If you notice any problems, please reply to this post and let me know.

I know I’ve lost a few comments in the move. You’ll have to take my word that it couldn’t be helped.

My apologies to those whose comments were lost.

Excelsior?


UPDATE (26 March 2012):

Five things I’ve learned in the past week:

1. WP-SpamFree is an effective plugin to reduce WordPress spam, but it’s a resource hog; same, same, for SI CAPTCHA Anti-Spam. If you need to reduce your site’s use of system resources on a shared server, choose something else.

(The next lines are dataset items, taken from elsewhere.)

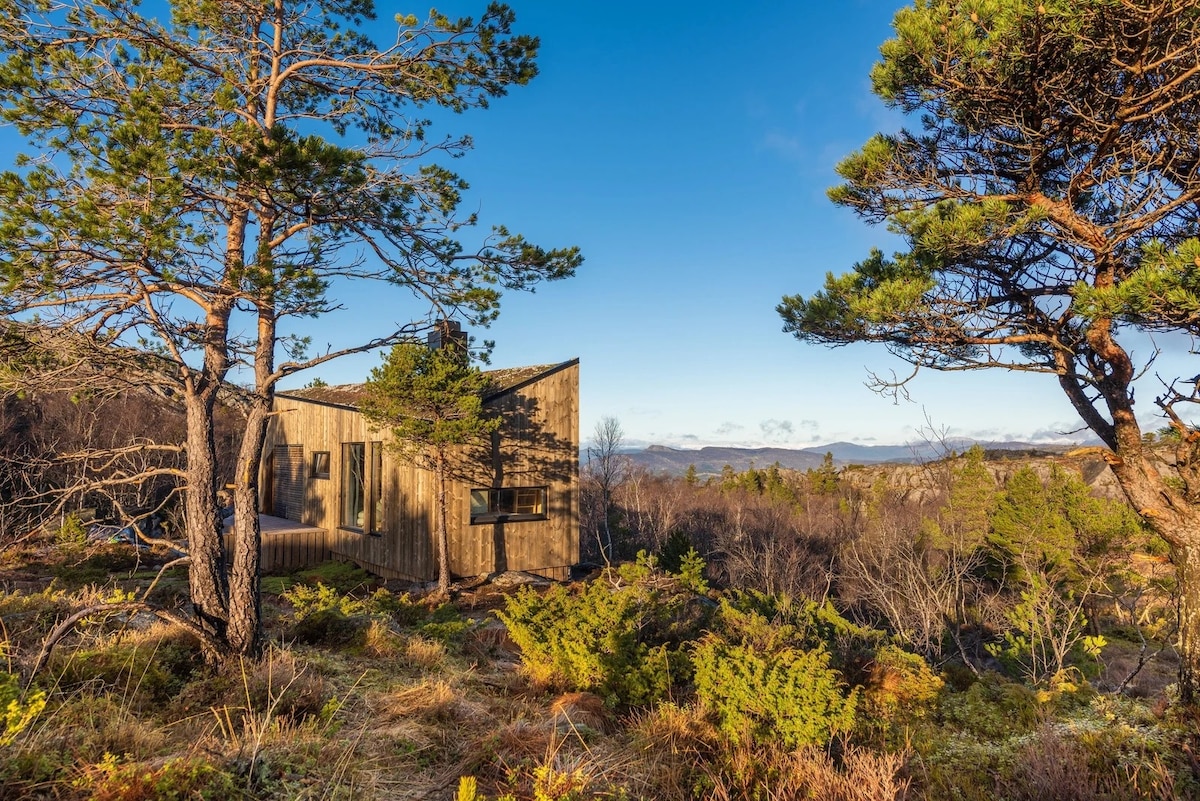 Lovely one level holiday home, nicely located in the terrain, short distance to the sea. Amazing views and sunny conditions from morning to sunset. Located in a quiet area, only 30m from parking. (20min by car to Pulpitrock hike start) Folding door at the front and two large sliding doors give the option to open up to nature outside. Fishing and bathing opportunities only 120m from the cabin. Wood-burning stove inside and outdoor wood fireplace. All bedrooms have light-proof sun shading.
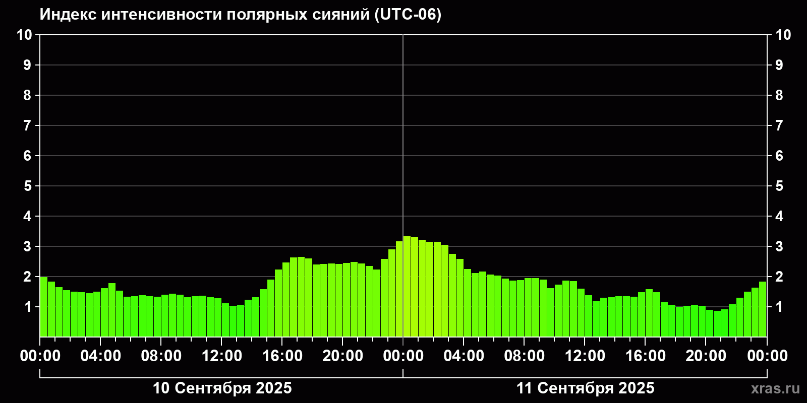 Изменения индекса интенсивности полярных сияний с 2025-09-10 по 2025-09-11 по местному времени
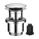 Bonde soupape d'écoulement 1 1/4" Push open fonction 2 en 1 (AVA E INOX), appuyez pour ouvrir et fermer verrouillable en position ouverte, adapté aux lavabos avec ou sans trop-plein, ACIER INOXYDABLE BROSSÉ
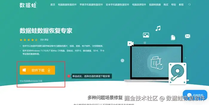 步骤1: 进入数据 蛙的官网,按指示完成数据 蛙恢复专家的下载安装。
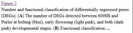 取樣方法:兩個(gè)品系的均取抽薹時(shí)期與花發(fā)育早期兩個(gè)時(shí)間點(diǎn)的分枝發(fā)生部位。每個(gè)品系每個(gè)時(shí)期1個(gè)樣本(每個(gè)個(gè)體至少取5個(gè)分枝發(fā)生部位,最多6個(gè)個(gè)體混樣樣本),總共4個(gè)樣本,每個(gè)樣本分別進(jìn)行mRNA測(cè)序與microRNA測(cè)序
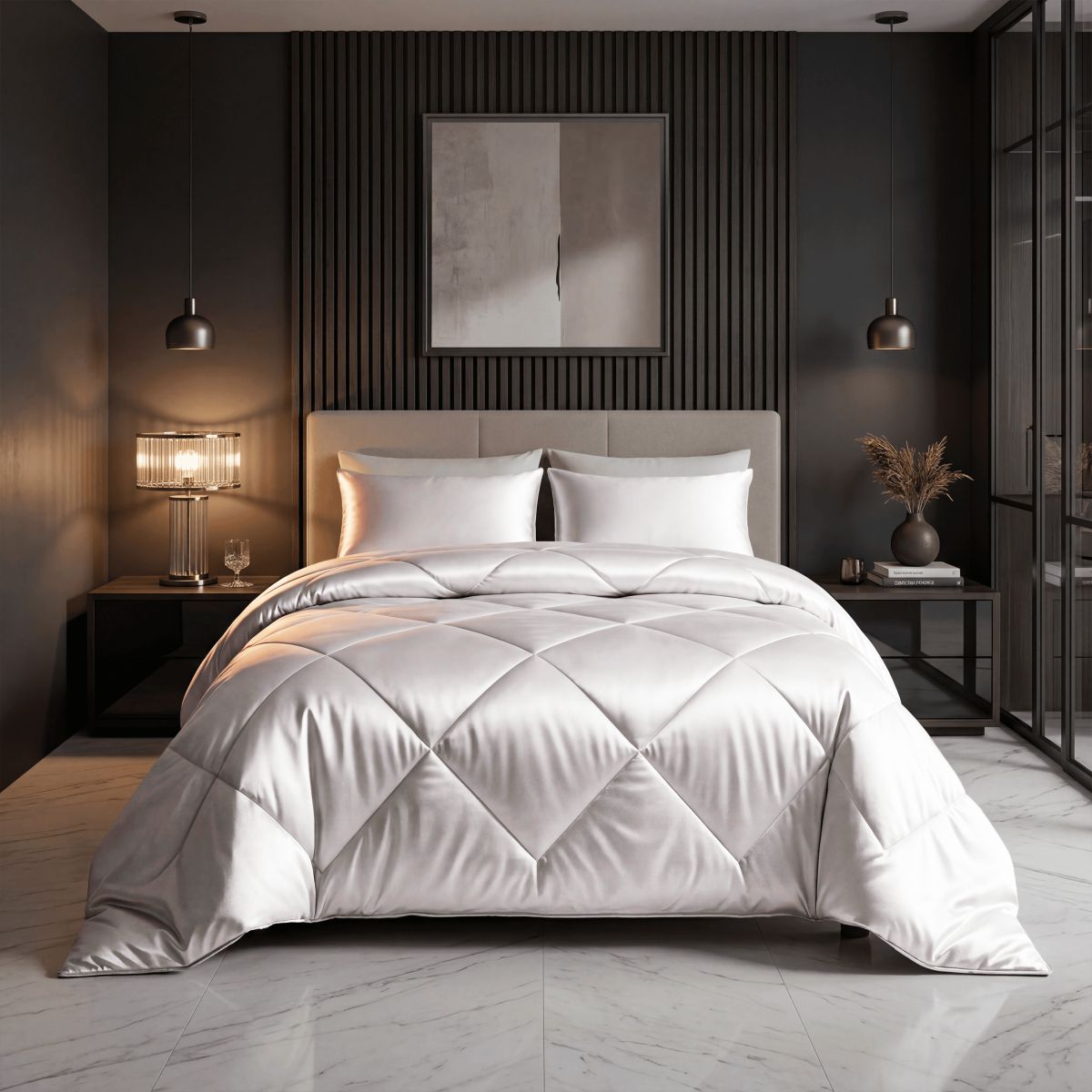 Благодаря объемному наполнителю одеяло обволакивает приятной тяжестью, создавая эффект антистресс-объятий, тем самым помогая полноценно расслабиться и быстрее заснуть.
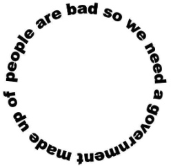 Republicans and Democrats point fingers at each others and claim that the other side is evil. And everyone who supports the whole statist system says we have to have such a system because people are so inherently evil that the public has to be protected from them. Are people evil and untrustworthy? Of course. But if you give power to control a society to a group and call it government, who is going to end up winning the power? It’s people being drawn from the “evil populace” — and the worst among them are going to tend to be successful in winning power.
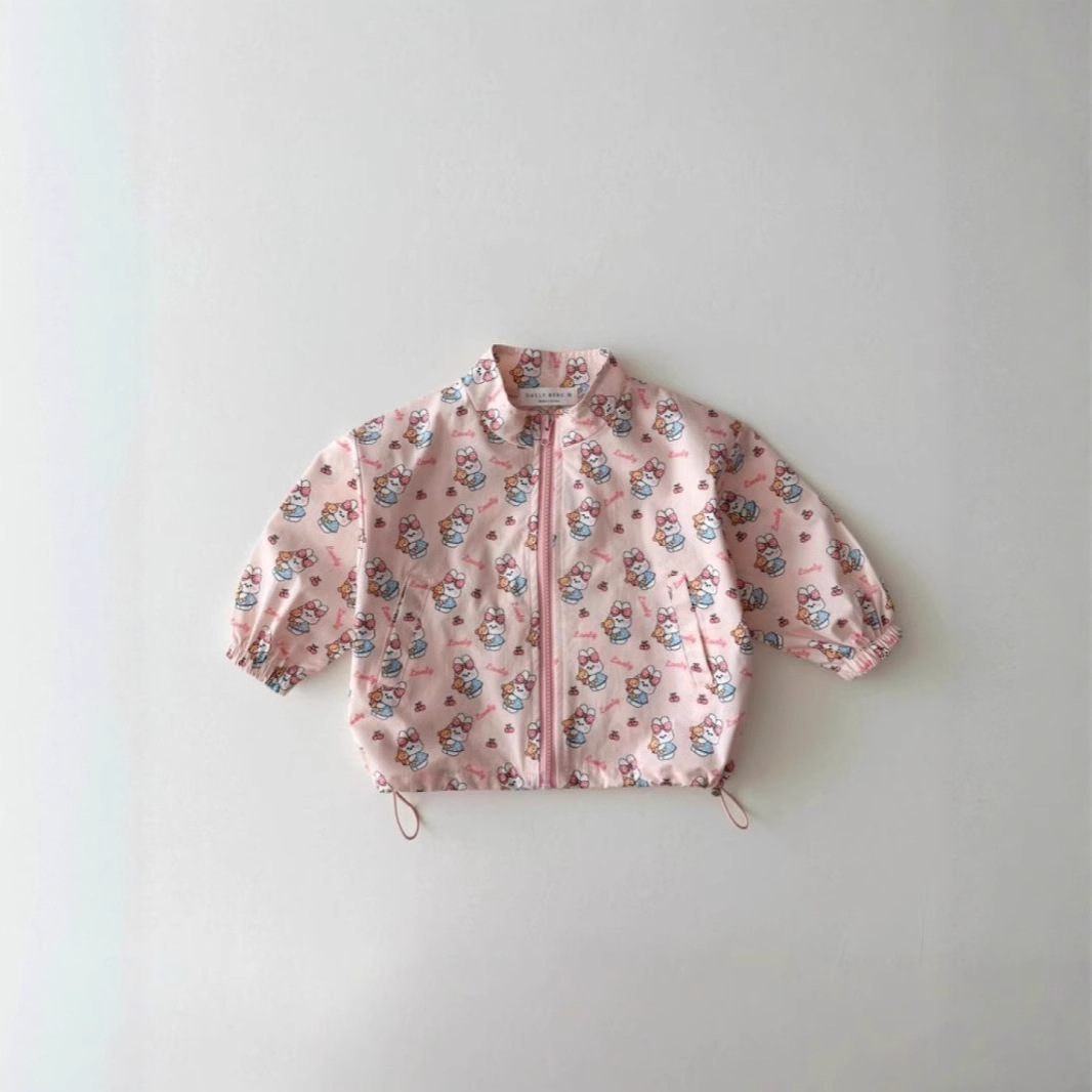 한국어 버전 ins 봄과 가을 다목적 패션 프린트 스탠드 칼라 방풍 재킷 드로스트링 재킷 귀여운 만화 지퍼 탑
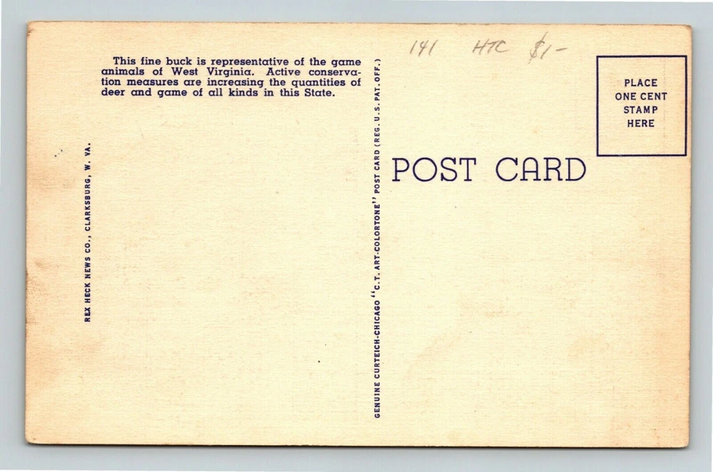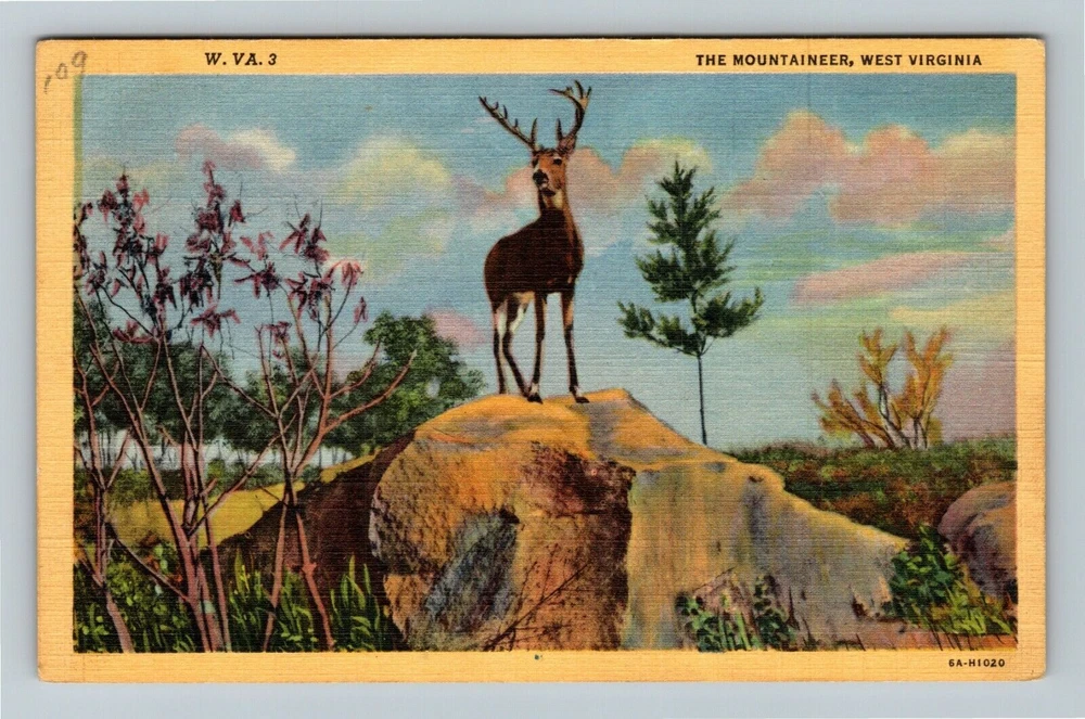 WV-West Virginia, The Mountaineer, Deer In The Woods, Vintage Postcard

2. Google’s WP reCAPTCHA is an effective plugin to reduce WordPress spam, but it is NOT a resource hog because the CAPTCHA graphic is produced by a server other than the one that hosts your account; that’s desirable because the process of generating the CAPTCHA image can be resource intensive.

3. The efficiency and responsiveness of your WordPress blog can often be improved, and its resource demands diminished, via the installation of a caching plugin. WP Super Cache is a good choice, because it is simple to set up and is a proven workhorse. If you can, set WP Super Cache to “Use mod_rewrite to serve cache files.” Why? It’s all about speed, folks!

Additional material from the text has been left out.